Frequently Asked Questions
What is Futoshiki and how does it differ from Sudoku?
Futoshiki (meaning "inequality" in Japanese) is a Latin square puzzle where you fill an NxN grid so each row and column contains the numbers 1 to N exactly once. Unlike Sudoku, Futoshiki has no 3x3 box constraints. Instead, inequality signs between adjacent cells indicate which cell must contain the larger or smaller number. This makes Futoshiki more about relational logic than positional elimination.
How do I read the vertical inequality signs?
For vertical inequality signs, the V-shape (vee) means the top cell is larger than the bottom cell. Think of the V as pointing upward toward the larger number. The caret (wedge or inverted V) means the top cell is smaller than the bottom cell. Visualize the caret as pointing downward toward the larger number below.
What do the difficulty levels mean?
Easy puzzles show about 85% of inequality constraints and pre-fill about 35% of cells. Medium shows 60% of constraints with 20% given cells. Hard shows 40% of constraints with 10% given cells. Expert shows only 25% of constraints with no given cells at all -- every number must be logically deduced.
Can I share a specific Futoshiki puzzle with someone?
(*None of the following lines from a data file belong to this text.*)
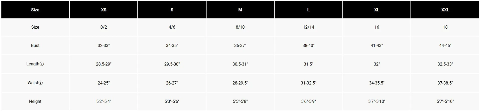Sizing Information
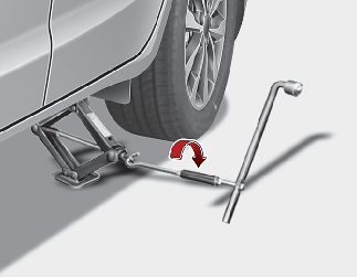 Then position the tool as shown in the drawing and tighten the wheel nuts. Be sure the socket is seated completely over the nut. Do not stand on the tool handle or use an extension pipe over the tool handle. Go around the wheel tightening every other nut until they are all tight. Then doublecheck each nut for tightness. After changing wheels, have the system checked by a professional workshop.
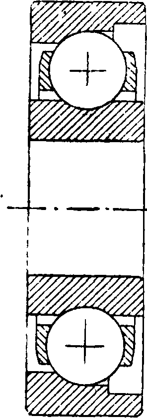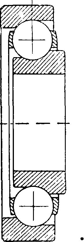 3) Шарикоподшипники магне τη ы е (фигура 3) допускаю:· радиальную, аксиальную (в одном направлении) и комбинированную нагрузки и применяются при больших скоростях и легких нагрузках. Монтируются эти подшипники попарно и допускают легкую разборку, так как беговая дорожка в наружном кольце с одной стороны открыта.

Yes. Every puzzle has a unique seed. Share the seed value along with the grid size and difficulty level, and the other person can generate the exact same puzzle using this tool. This is great for puzzle competitions, classroom activities, or challenging friends.
What grid sizes are available?
This generator supports five grid sizes: 4x4 (quick puzzle for beginners), 5x5 (classic newspaper size), 6x6 and 7x7 (intermediate challenges), and 9x9 (large grid for advanced solvers). Each size uses the numbers 1 through N, where N is the grid dimension.
Are all generated puzzles solvable without guessing?
Yes. All puzzles are generated from a valid completed Latin square solution. The inequality signs are derived from the solution, ensuring every puzzle has a unique and logically solvable answer. You should never need to guess -- pure deductive logic is sufficient.
How do I use pencil marks?
Click the Pencil button or press the P key on your keyboard to toggle pencil mark mode. When pencil mode is active, selecting a cell and typing a number adds or removes that number as a small candidate mark instead of filling the cell. This helps you track possible values during complex deductions without committing to an answer.